Plus robuste, plus léger, plus confortable… Le bambou aurait toutes les qualités requises pour remplacer l’acier ou l’aluminium sur les cadres de nos vélos. Depuis quelques années, des artisans mettent à profit ce matériau naturel et produit en France, pour fabriquer des vélos sur-mesure. Si les prix restent élevés, ces professionnels tentent de réduire les coûts, en proposant par exemple aux clients de concevoir eux-mêmes leur petite reine.
Au départ, Louis Segré voulait simplement « s’amuser » à construire un vélo. Il a alors décidé de fabriquer un cadre en bambou, une matière qu’il pouvait récolter à même son jardin. « Et j’en ai fait un deuxième, un troisième, un quatrième… J’ai vite compris l’intérêt de ce matériau, solide et léger », relate cet ancien navigateur. Quelques années plus tard, en janvier 2021, il lance sa propre marque de vélos en bambou sur-mesure, Gamory Cycles. Depuis, treize spécimens sont déjà sortis de son atelier, niché à Saint-Maurice-des Lions, en Charente-Limousine.
Louis Segré n’est pas le seul à se positionner sur ce marché en plein essor. A Lyon, Félix Hubert a également créé sa propre boîte de vélos en bambou, Cyclik, en 2017. Cet ancien coureur cycliste de haut niveau a fait pendant des années des compétitions sur des deux roues en carbone, ce qui lui causait de nombreuses douleurs dorsales. Après avoir fini ses études, il est remonté en selle, et a commencé à chercher des matériaux plus confortables : « J’ai découvert les propriétés mécaniques intéressantes du bambou, qui absorbe davantage les vibrations lors des courses. Sans rien enlever au dynamisme du vélo », se réjouit Félix Hubert.
Un cadre 100% Made in France
Ce passionné de la petite reine a aussi été séduit par les atouts écologiques de ce matériau. « Je trouve fabuleux que la nature nous fournisse ces tubes de bambou », témoigne-t-il. Comme d’autres fabricants, Cyclik utilise pour le cadre une résine bio-sourcée et des fibres de lin produites en France pour lier les tubes de bambou. Le lin, une plante locale peu gourmande en eau et en intrants, tout comme le bambou. L’entreprise lyonnaise, qui compte quatre salariés, s’approvisionne dans une bambouseraie près de Nîmes et achète du lin cultivé en Normandie. « J’apprécie avoir une relation directe avec les fournisseurs. Et on voit bien aujourd’hui que c’est de plus en plus important de s’approvisionner localement face aux problématiques de pénuries au niveau mondial », explique le fondateur de Cyclik.

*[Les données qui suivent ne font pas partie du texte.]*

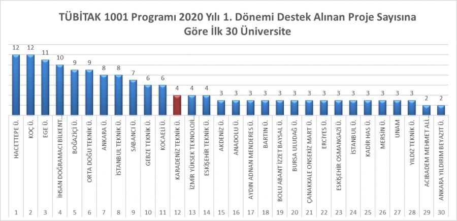 Karadeniz Teknik Üniversitesi, desteklenmeye hak kazanan 4 adet projeyle, İzmir İleri teknoloji Enstitüsü ve Eskişehir Teknik Üniversitesi ile birlikte "Proje Kabul Sayısına" göre devlet üniversiteleri içerisinde 9'uncu, tüm üniversiteler içerisinde ise 12. sırada yer aldı.

Selon ce dernier, l’utilisation de ressources naturelles locales permettrait à son entreprise de réduire de 90% l’émission de CO2 de la production d’un cadre, en comparant avec un cadre conçu en carbone en Asie. Et en prenant en compte le mix énergétique du pays, le type d’électricité utilisé, et les transports. Pour les périphéries (roues, freins, pédales, etc.), Cyclik privilégie les pièces de fabrication française « de qualité ».
Tout comme Louis Segré. L’ancien navigateur reconnaît qu’il n’est pas possible de fabriquer des vélos 100% français, mais il s’engage avec Gamory Cycles à « donner la part belle aux produits français ». « Il est important de rappeler aux consommateurs que de petites industries tournent encore sur cette terre historique du vélo », tient à rappeler Louis Segré. Ce dernier aimerait par la suite concevoir des vélos en bambou électriques avec l’équipementier français Valéo.
« Fabriquer que des vélos vendus »
En proposant ses vélos en bambou sur demande, personnalisables, Thomas Mazurié entend quant à lui maîtriser sa chaîne de production et éviter tout gaspillage. Son leitmotiv : « Fabriquer que des vélos vendus ». Ce Brestois, qui a lancé Breizh Bamboo Bike en 2019 dans la capitale du Finistère, regrette en effet que le monde du vélo soit très commercial : « On achète et on revend des produits, sans chercher à adapter le vélo à la personne, sans prendre en compte les valeurs écologiques », fustige le jeune homme, avant d’illustrer son propos : « On me demande souvent si le bambou est assez robuste, si le cadre ne va pas casser au bout d’un certain temps. Mais comment peut-on encore fabriquer des vélos dont le cadre se casse ? », dénonce-t-il en pointant du doigt les vélos conçus en fibres de carbone.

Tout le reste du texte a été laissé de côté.